■ **EXERCISE**:
Write out exactly the lines running from the one with "- you can add" to the end of the data, including both of those lines and excluding pictures.

TASK MATERIAL Block Start

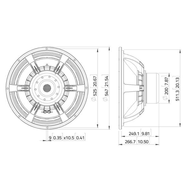 | Speaker: | Woofer (21″) approx. 53 cm with neodymium magnet Voice coil woofer in/out wound (7″) approx. 18 cm |
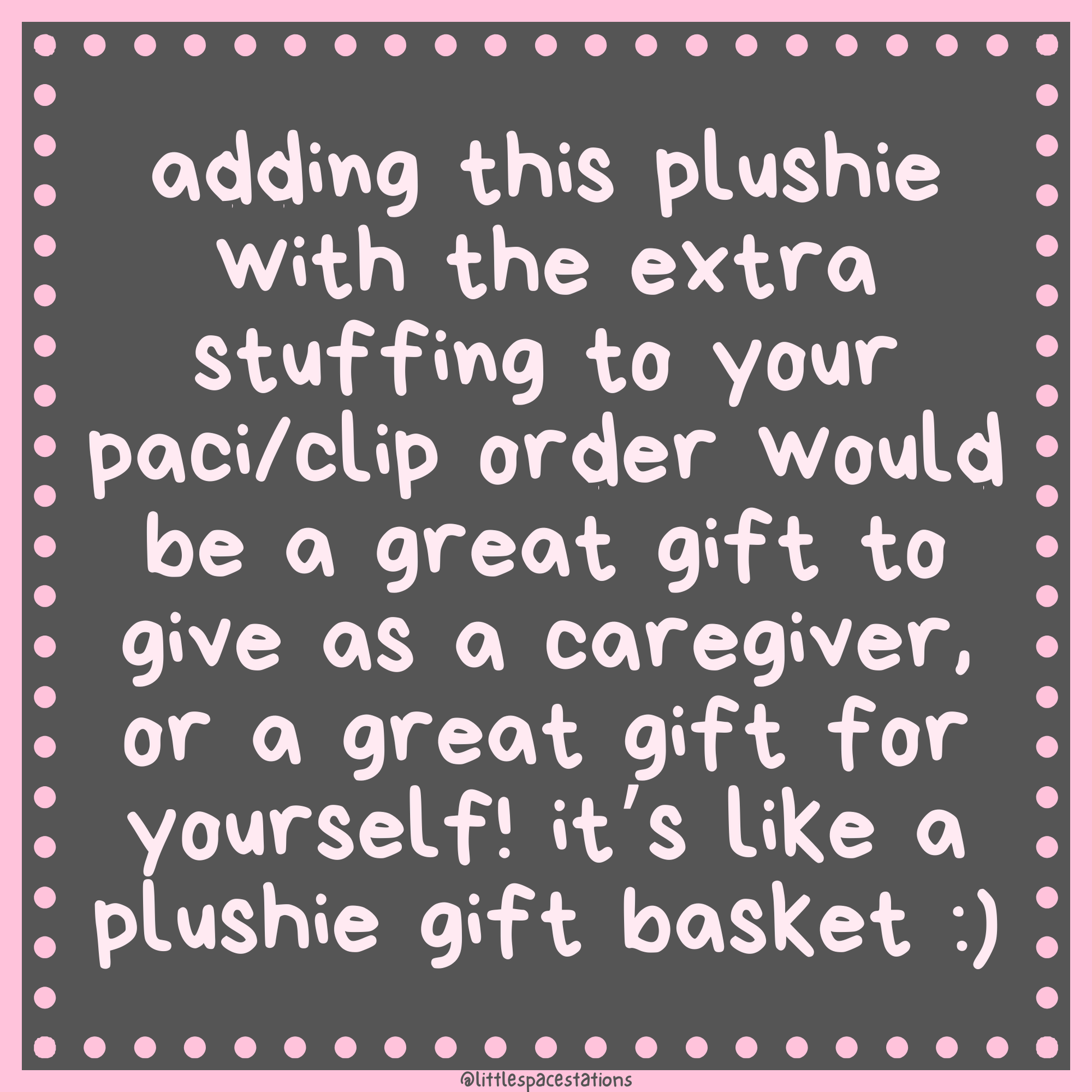 - you can add this plushie to any paci or clip order, and your pacifier/clip will come inside
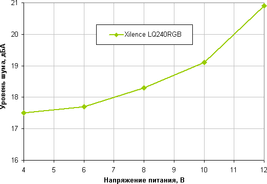 Уровень шума только от помпы равен примерно 21 дБА (иногда он немного меняется, видимо, из-за пузырьков жидкости). Помпа работает тихо. Приведем зависимость уровня шума только помпы от напряжения.
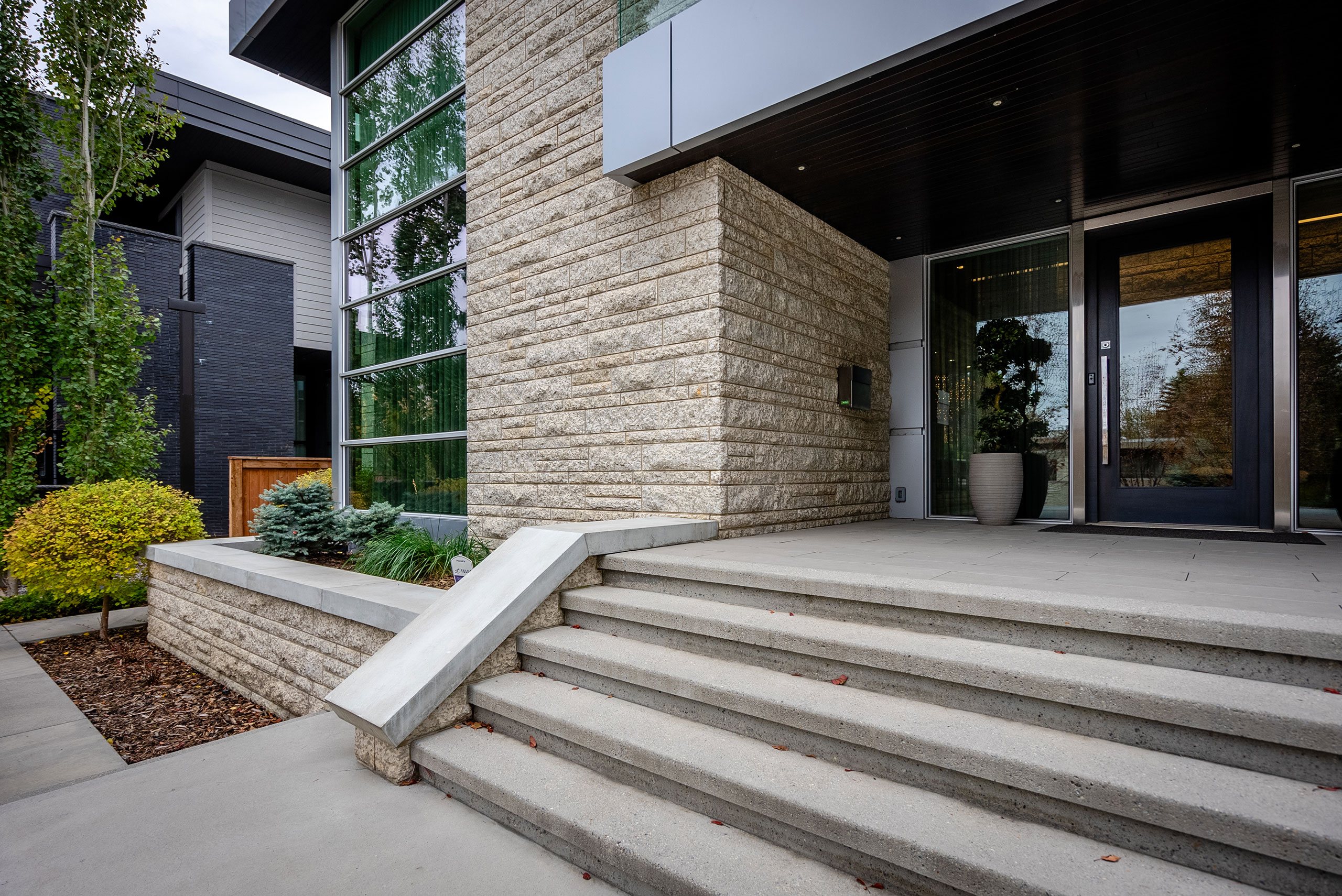 Corse Construction considered every single small detail during this project. This included the use of laser levels to ensure that every course of stone was perfectly in line with every other stone wall throughout the entire property. Powder coated Z-bar angle iron was installed at the sloped driveway with such precision that a 10mm space between the stone and concrete was absolutely consistent.
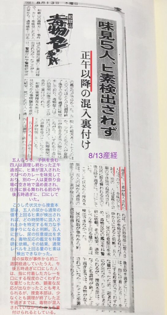8/2……あっ、科警研がヒ素を検出した日だわ。記事はそれより前ということね。
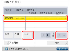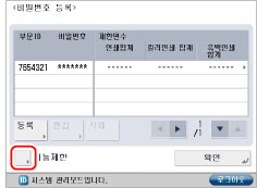 (Clear)를 눌러 모든 번호를 삭제하고 → 올바른 번호를 입력하십시오.0~999, 999페이지까지 제한면수를 설정할 수 있습니다. 제한면수에 도달하면 복사, 스캔 또는 인쇄할 수 없습니다.
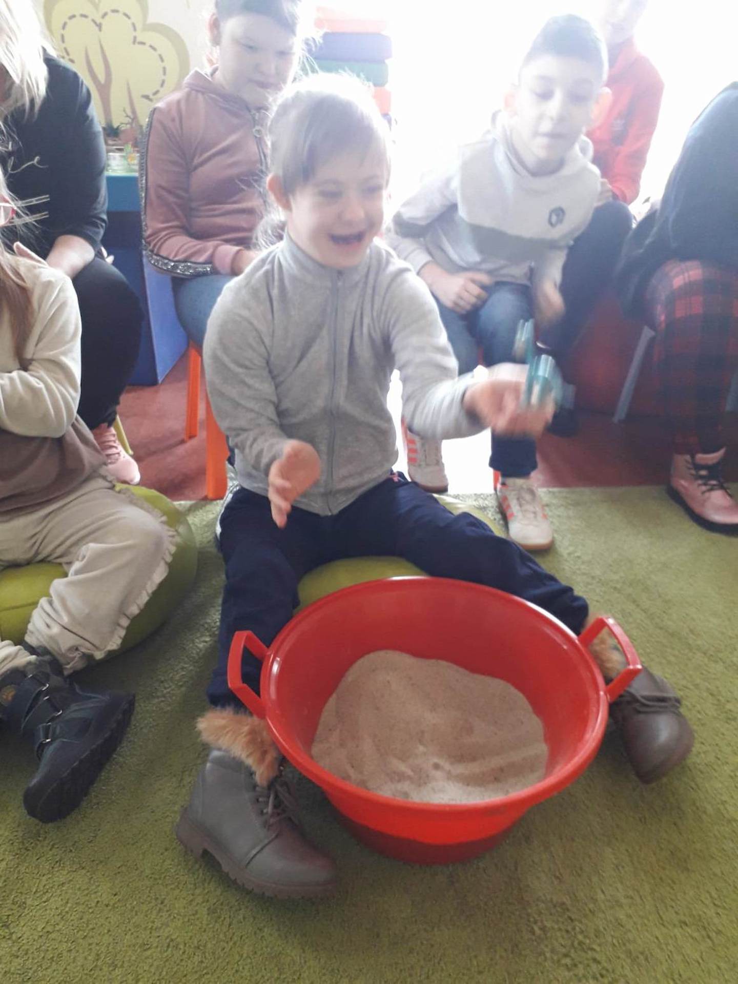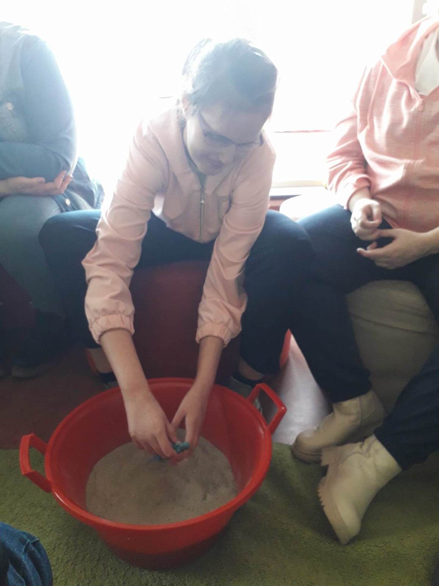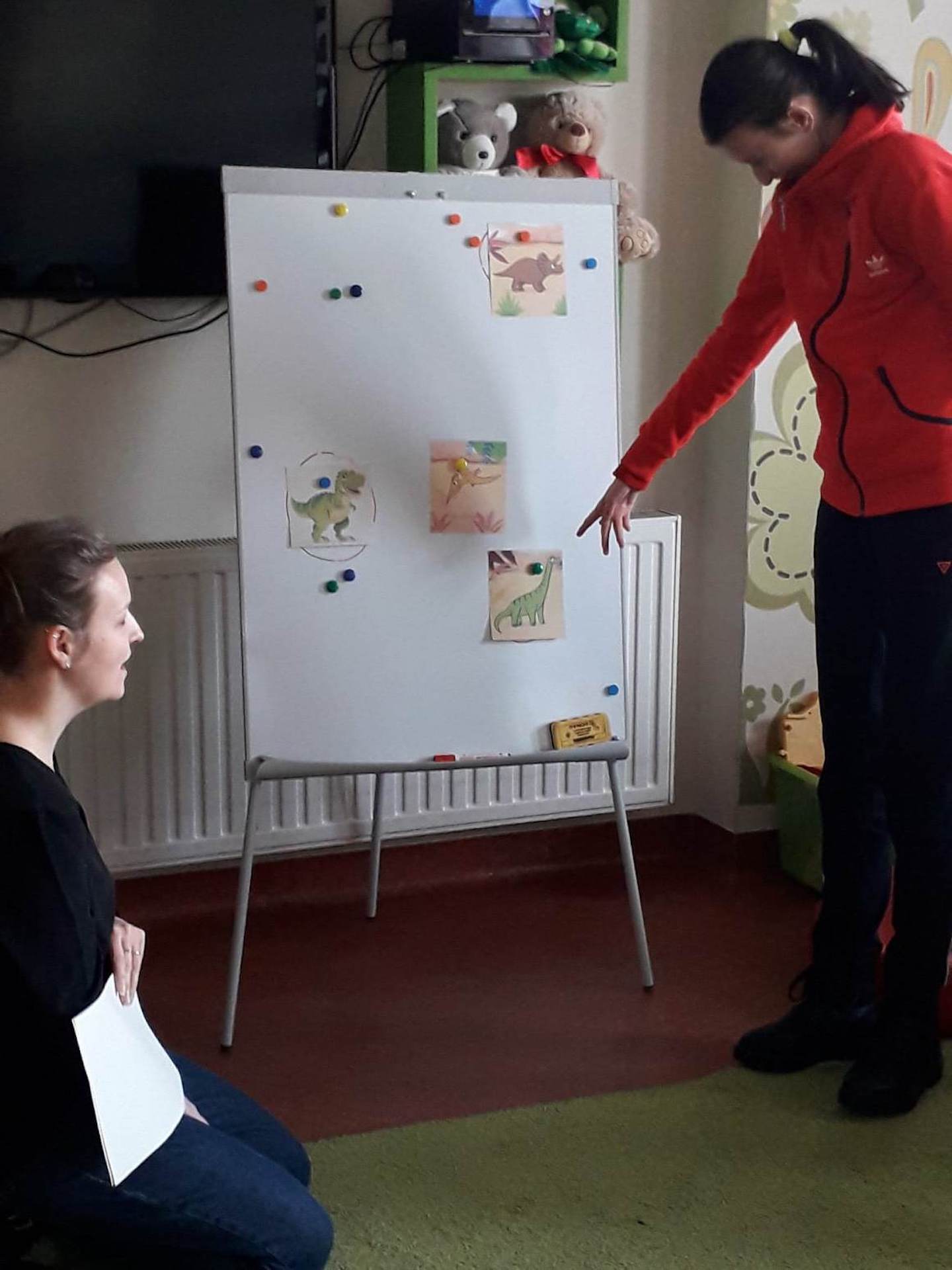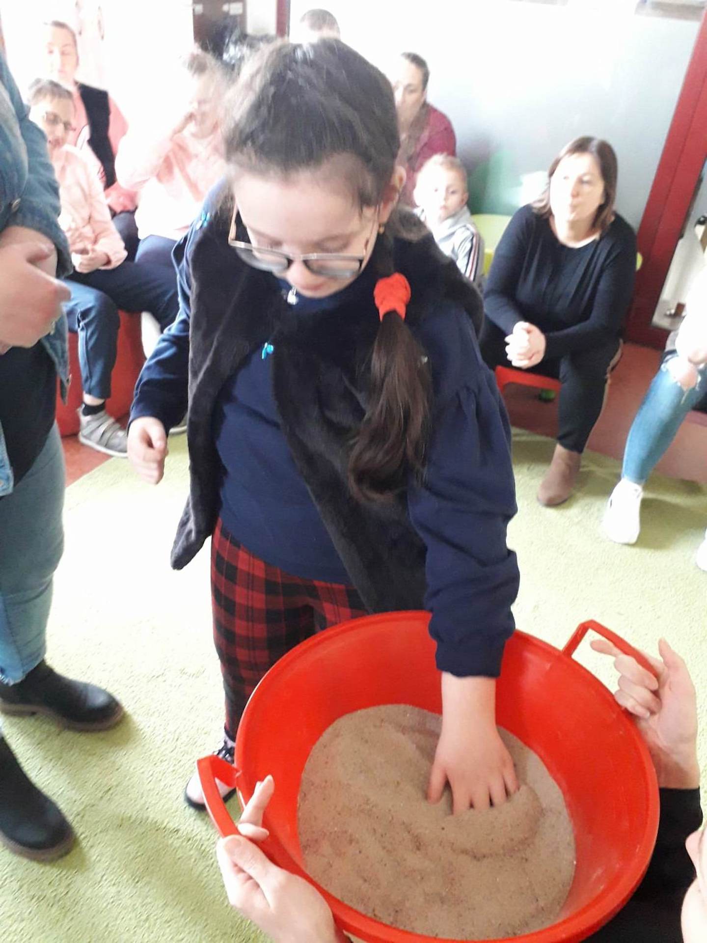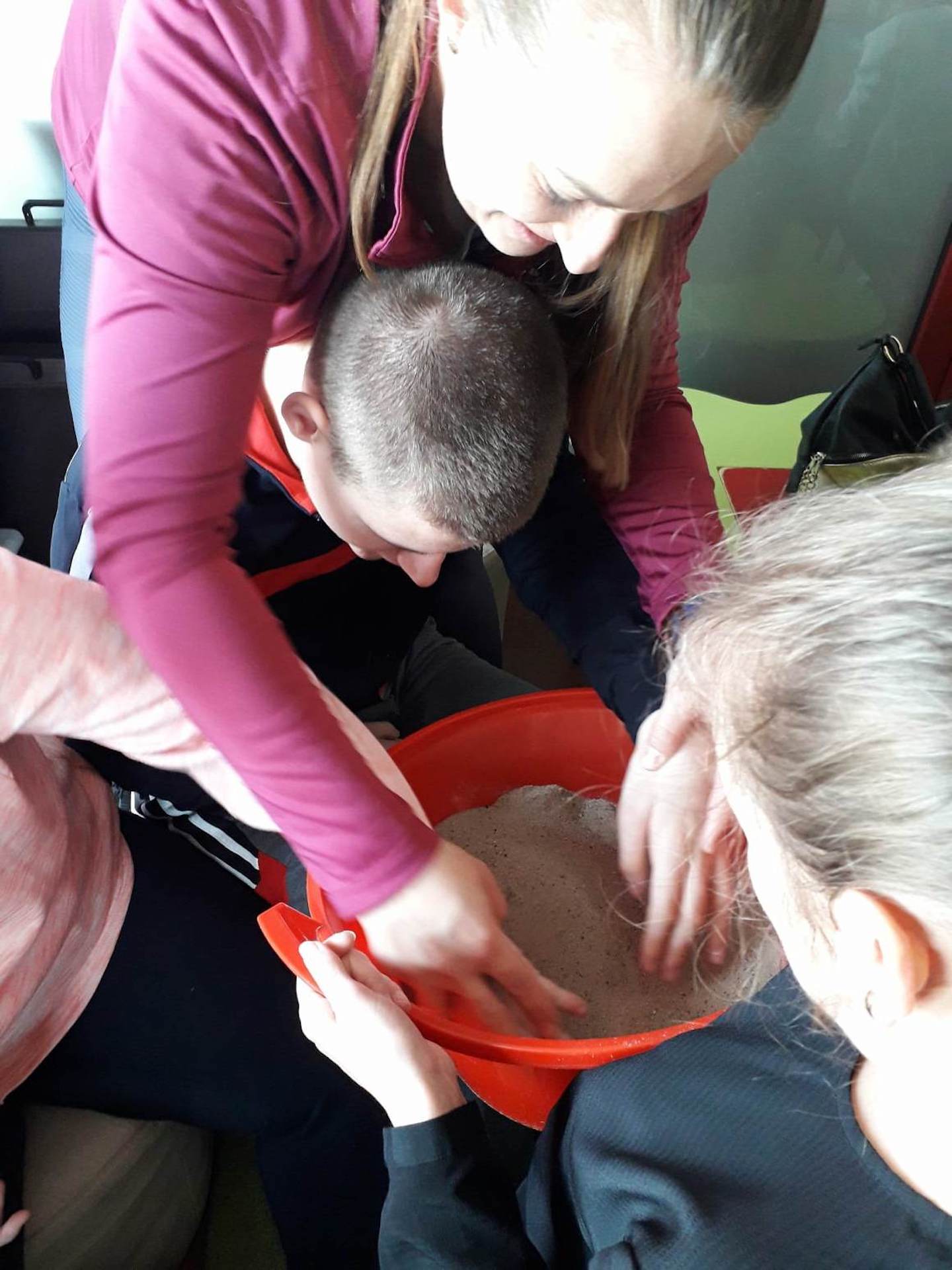 Podczas lutowego „Spotkania z książką” uczniowie zapoznali się z pozycjami książkowymi opowiadającymi o życiu dinozaurów. Najpierw zamienili się w archeologów i wykopywali z piasku dinozaury, poznając ich trudne nazwy. Potem odgadywali zagadki o dinozaurach, naśladując ich charakterystyczne cechy, a następnie wykonywali ćwiczenia logopedyczne podane przez dinozaury oraz zrobili masażyk dinozaura. Na koniec wszyscy uczniowie wykonali pracę plastyczną „Kropkowy dinozaur”

TASK MATERIAL Block End

■ **EXERCISE ANSWER**:
 - you can add this plushie to any paci or clip order, and your pacifier/clip will come inside
 Уровень шума только от помпы равен примерно 21 дБА (иногда он немного меняется, видимо, из-за пузырьков жидкости). Помпа работает тихо. Приведем зависимость уровня шума только помпы от напряжения.
 Corse Construction considered every single small detail during this project. This included the use of laser levels to ensure that every course of stone was perfectly in line with every other stone wall throughout the entire property. Powder coated Z-bar angle iron was installed at the sloped driveway with such precision that a 10mm space between the stone and concrete was absolutely consistent.
8/2……あっ、科警研がヒ素を検出した日だわ。記事はそれより前ということね。
 (Clear)를 눌러 모든 번호를 삭제하고 → 올바른 번호를 입력하십시오.0~999, 999페이지까지 제한면수를 설정할 수 있습니다. 제한면수에 도달하면 복사, 스캔 또는 인쇄할 수 없습니다.
 Podczas lutowego „Spotkania z książką” uczniowie zapoznali się z pozycjami książkowymi opowiadającymi o życiu dinozaurów. Najpierw zamienili się w archeologów i wykopywali z piasku dinozaury, poznając ich trudne nazwy. Potem odgadywali zagadki o dinozaurach, naśladując ich charakterystyczne cechy, a następnie wykonywali ćwiczenia logopedyczne podane przez dinozaury oraz zrobili masażyk dinozaura. Na koniec wszyscy uczniowie wykonali pracę plastyczną „Kropkowy dinozaur”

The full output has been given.